# Booking online



## Forbes (Jan 13, 2019)

Greetings from Australia. I'm an Amtrak fan and planning a trip over there. Was going to get a 12 sector pass and upgrades as required. Have used the online booking system to get fare qoutes but was wondering how you get the pass discount when booking a sleeper?


----------



## cpotisch (Jan 13, 2019)

The way I understand it, with Rail Passes, you just buy the pass, and when selecting whatever trains/segments you'll be taking, choose to "add a sleeper upgrade" for the segment. Amtrak sleeper pricing is the base "rail fare" for each room occupant, plus the cost of the room itself (or the "accommodation charge"). The rail fare is constant for any date of travel, as it is just the lowest possible Value coach fare, while the accommodation charge will fluctuate between a set of five fare buckets. Since with a Rail Pass booking, your rail fare has effectively already been paid for, you just pay the accommodation charge, and that's it.

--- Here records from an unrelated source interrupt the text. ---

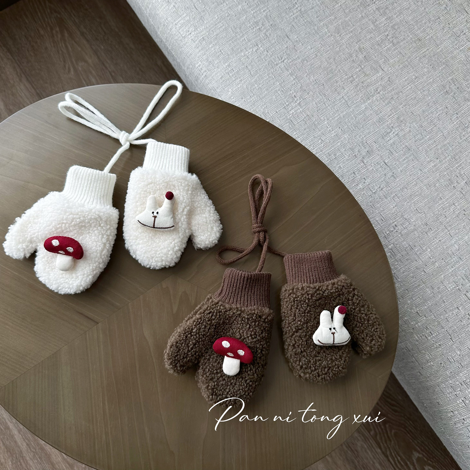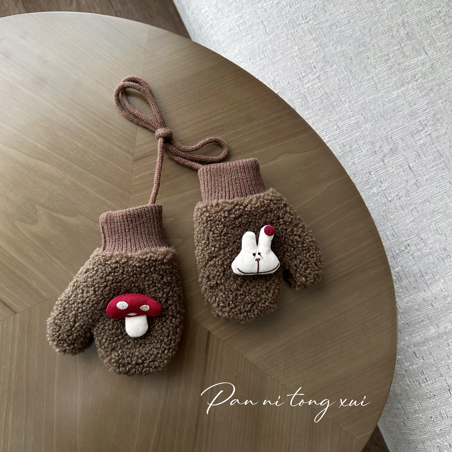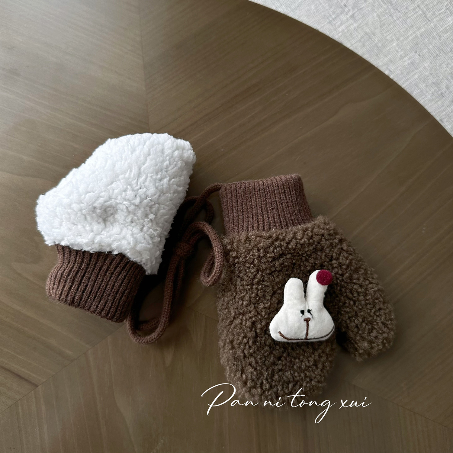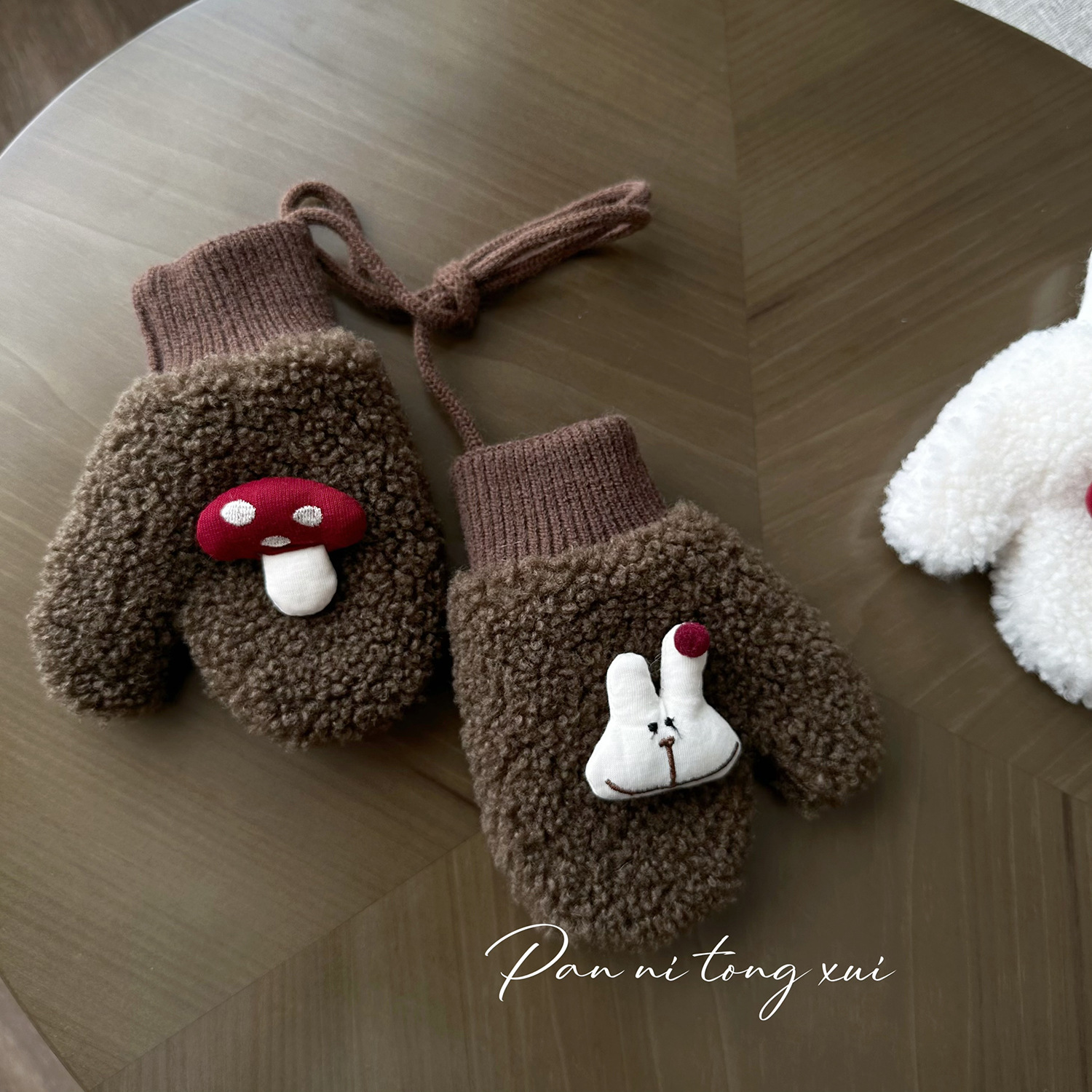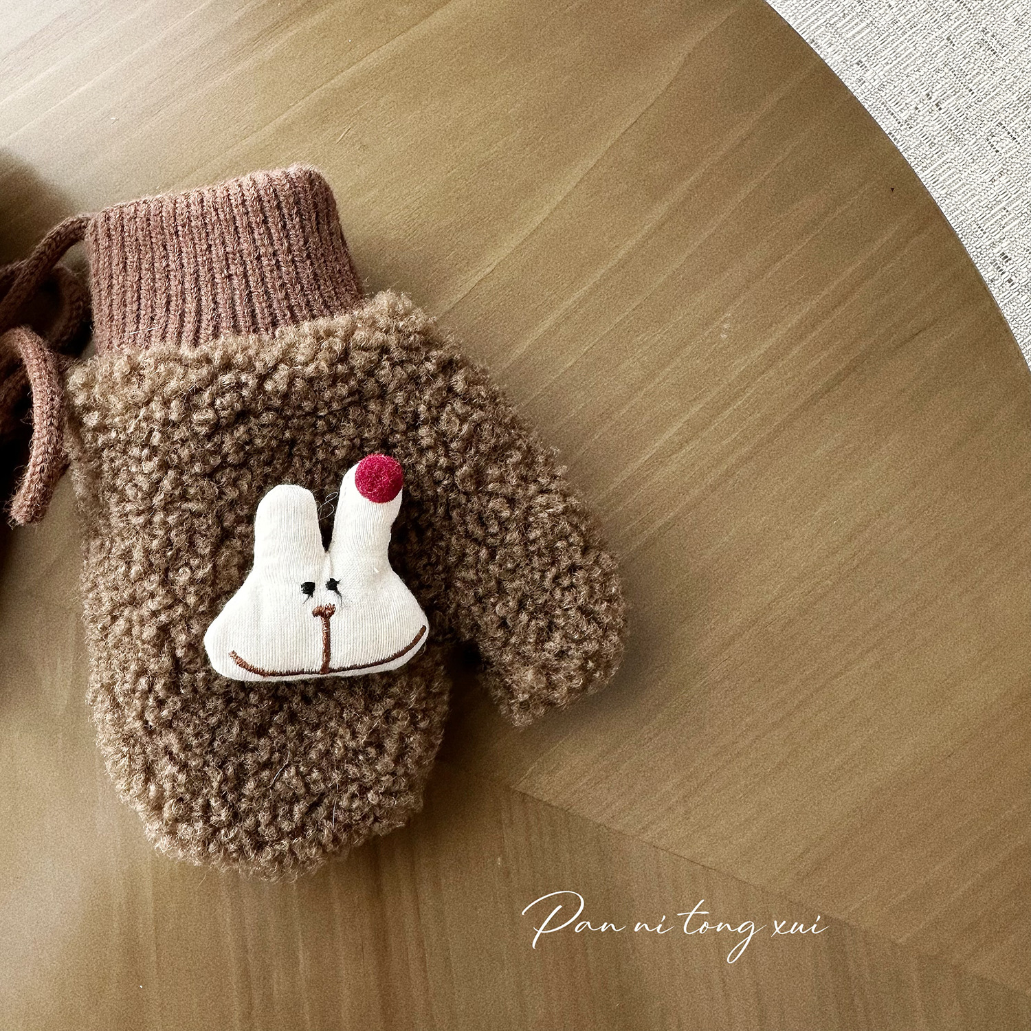 어린이 봉제 장갑 한국 스타일 귀여운 소년 소녀 두꺼운 기모 목 만화 토끼 겨울 따뜻한 장갑
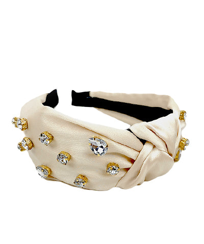 This charming wide headband features a playful knotted design adorned with sparkling crystal studs.
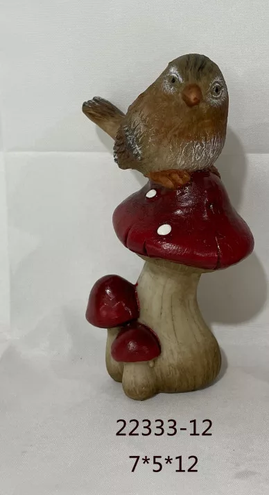 KERÁMIA GOMBA, MADÁRRAL, PIROS NATÚR
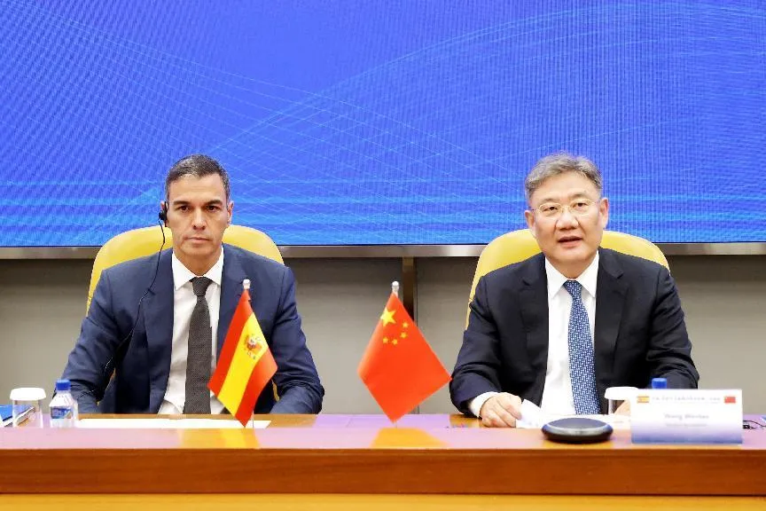 西班牙首相桑切斯与中国商务部部长王文涛共同出席中西企业顾问委员会开幕式并致辞
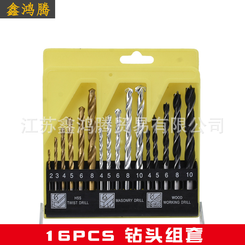 16点セットドリル混合セット16pcs大工ドリル麻花ドリル建工ドリルプラスチックケースセット懐中電灯ドリル
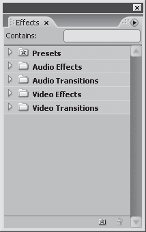 Вполне возможно, что вкладка Effects (Эффекты) разместилась не там, где вы хотели. Ничего страшного в этом нет. Перемещение окон и вкладок требует определенного навыка. Потренируйтесь самостоятельно, перемещая различные окна и вкладки.
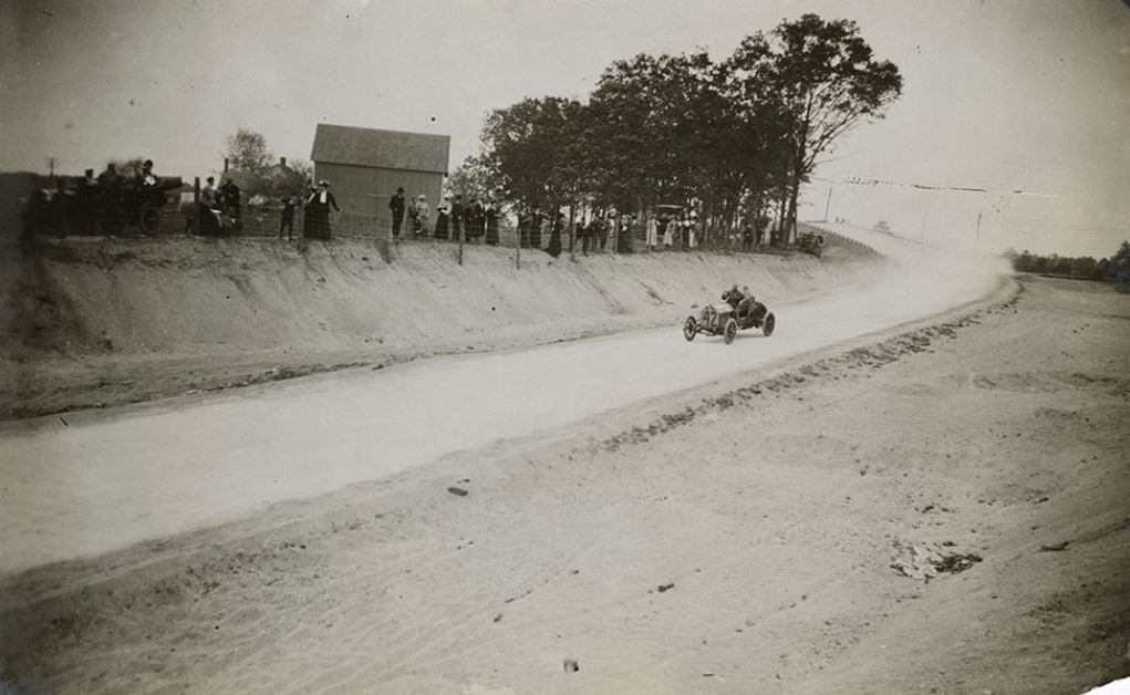 Took me a while to figure this one out but I eventually determined that this location is just before the racers got to the second dead man’s curve. The photographer is facing south and in the distance is the overpass that carried the Motor Parkway over the Long Island Railroad / Central ave crossing in Central Park (Bethpage). This was the Motor Parkway Sweepstakes held on October 10th, 1908. The driver is Herb Lytle driving the Isotta. He finished first in this race. He drove in a total of 6 Vanderbilt related races. More than any other driver.
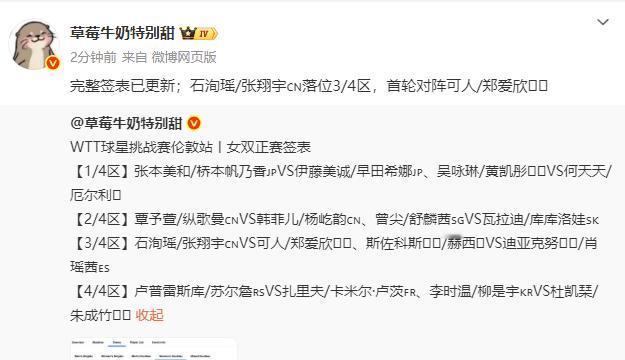 伊藤美诚和早田希娜的女双打进正赛了。 她俩的组合是“早马”组合,好不容易从资格赛打进正赛,刚刚看到WTT球星挑战赛伦敦站女双签表更新,伊藤早田正赛首轮对阵张本美和/桥本桥本帆乃香,在赛前的时候很多人就说有可能日乒女双首轮也内战,没想到还真的是呢,看到有网友说:“第一轮的日乒女双可以凑一波热闹,我压早马组合。” 今晚女双资格赛最终轮的比赛,伊藤美诚/早田希娜3-0扎里夫/卡米尔·卢茨,比分:11-3,11-5,11-7。看到早田和伊藤今晚还穿的不是一个颜色的比赛服,不过俩人是真的打开心了,一人一拍打出好球时,俩人会击掌笑一笑。这个周期,从美国大满贯开始,她俩是重新开始打女双,这一站的球星挑战赛俩人又从资格赛打进正赛了,张本美和和桥本也是配合没多久,感觉两对组合的实力也不分上下,伊藤美诚打桥本有优势。 女双正赛首轮比赛,国乒两对女双也是首轮就对上了,日乒这个女双也会有很多人看,后面看到有球迷说:“伊藤是桥本克星,早田是张本美和的克星,这波我压早马组合。”看来大家还是很看好伊藤和早田希娜这对女双了。
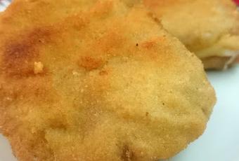 Lomo de cerdo: 8 filetes.Bacon: 2 lonchas.Queso en lonchas: 4.Aceite de oliva virgen extra.Huevo: 1.Pan rallado.Maizena.
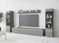 Die Wohnwand Doppo II in der Farbe Nebelgrün bietet eine moderne und stilvolle Lösung für Ihr Wohnzimmer. Mit einer weißen LED-Beleuchtung (nicht im Set enthalten) und einer Kombination aus Laminatplatten und gehärtetem Glas, vereint sie Funktionalität und Ästhetik. Die Möbelstücke sind in verschiedenen Abmessungen erhältlich und bieten ausreichend Stauraum für Ihre Bedürfnisse.
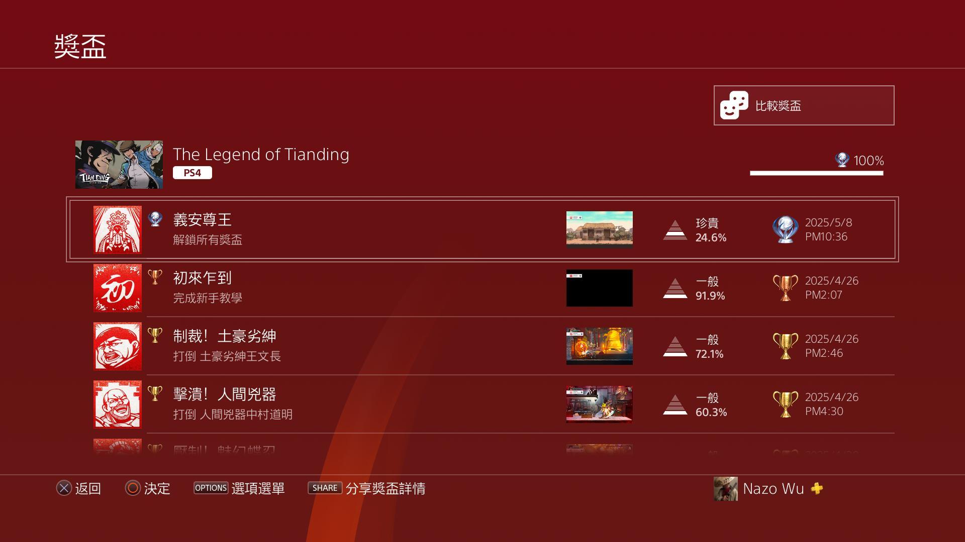 解鎖所有獎盃100%完成。
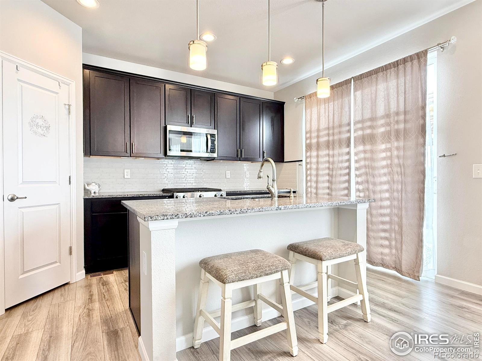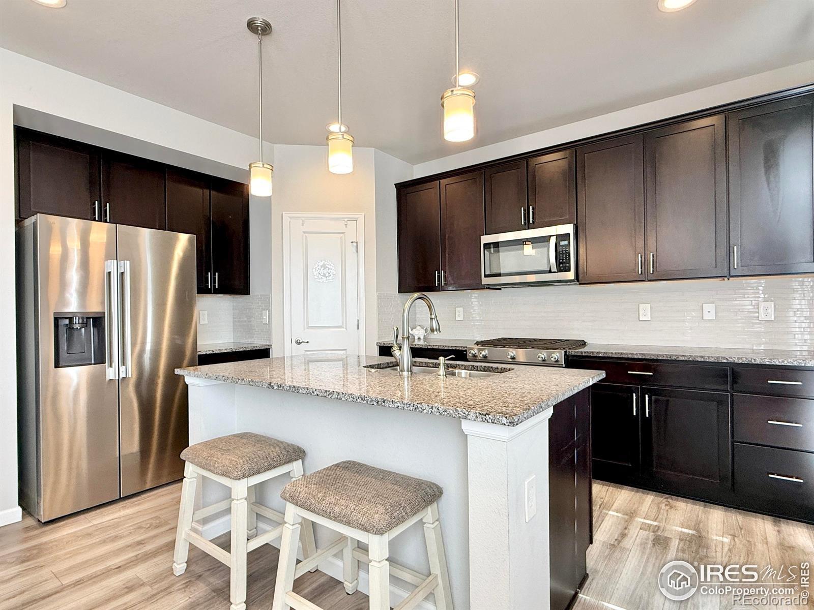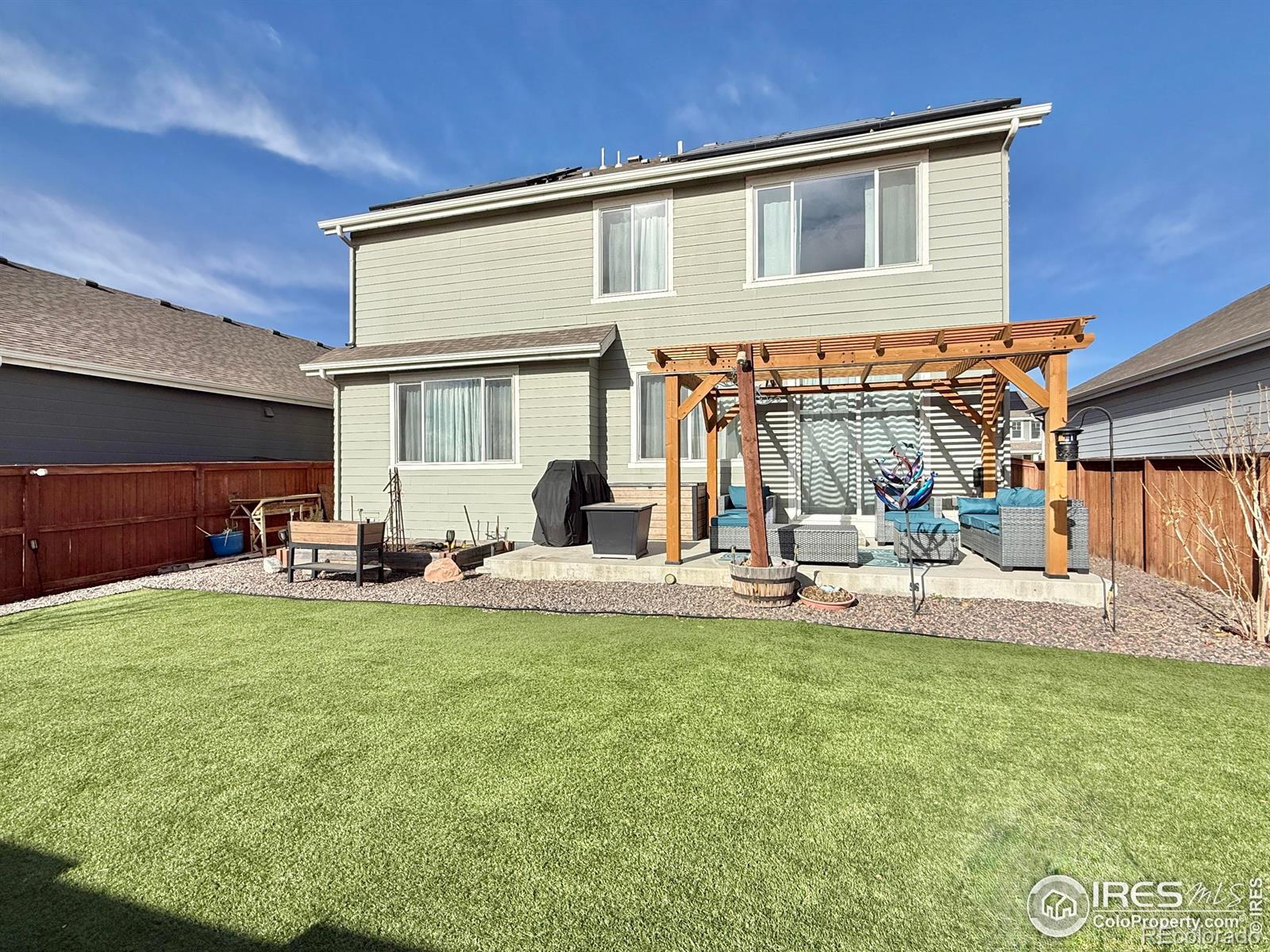 Meticulously maintained and thoughtfully upgraded, this newer build offers the perfect blend of modern design and move-in-ready convenience-with the landscaping already done. This beautiful 3-bedroom, 3-bath home features an open-concept kitchen and living area filled with natural light and complemented by stunning mountain views. The low-maintenance backyard is finished with artificial turf, keeping it green year-round, and backs to open space for added privacy. Enjoy evenings under the gazebo with custom Jellyfish lighting installed on both the rear of the home and the gazebo itself. The neighborhood offers multiple parks, along with tennis, basketball, and pickleball courts just a short walk away. Conveniently located near Highway 287 and I-25, this home also includes an insulated garage with a Stage 2 electric vehicle charger already installed-an ideal combination of comfort, style, and functionality.
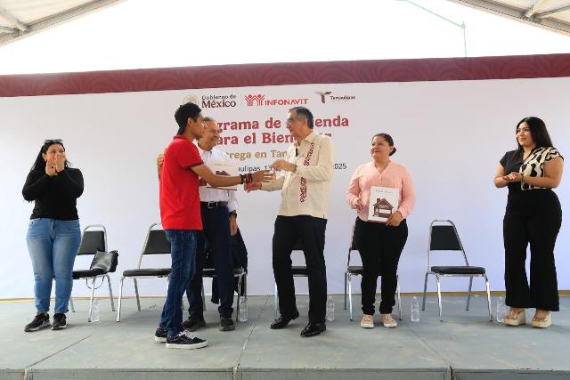- La entrega forma parte del programa Vivienda para el Bienestar, impulsado por la Presidenta Claudia Sheinbaum Pardo.

Now, the main factors in sleeper pricing for a given itinerary are the remaining availability for that accommodation, the amount of time left until the date of travel, and in some cases, the time of year. There are cases where a room may immediately go to the cheapest bucket when first put on sale 11 months from departure, however many members (including me) have found that in many more cases, it will actually start at one of the higher buckets, and later drops to a lower or lowest bucket about _five_ months out. There are definitely exceptions to this, and if there is a considered "off-season", the prices will likely drop for that period to reflect it. And finally, but probably most importantly, as a room type sells, the price goes up to reflect supply and demand (this is one factor that really doesn't have any exceptions). To get a sense of what the possible buckets for your itinerary are, and therefore what fare you're looking for, use Amsnag, a tool that lets you see pricing over up to 30 days at a time. Good luck!


----------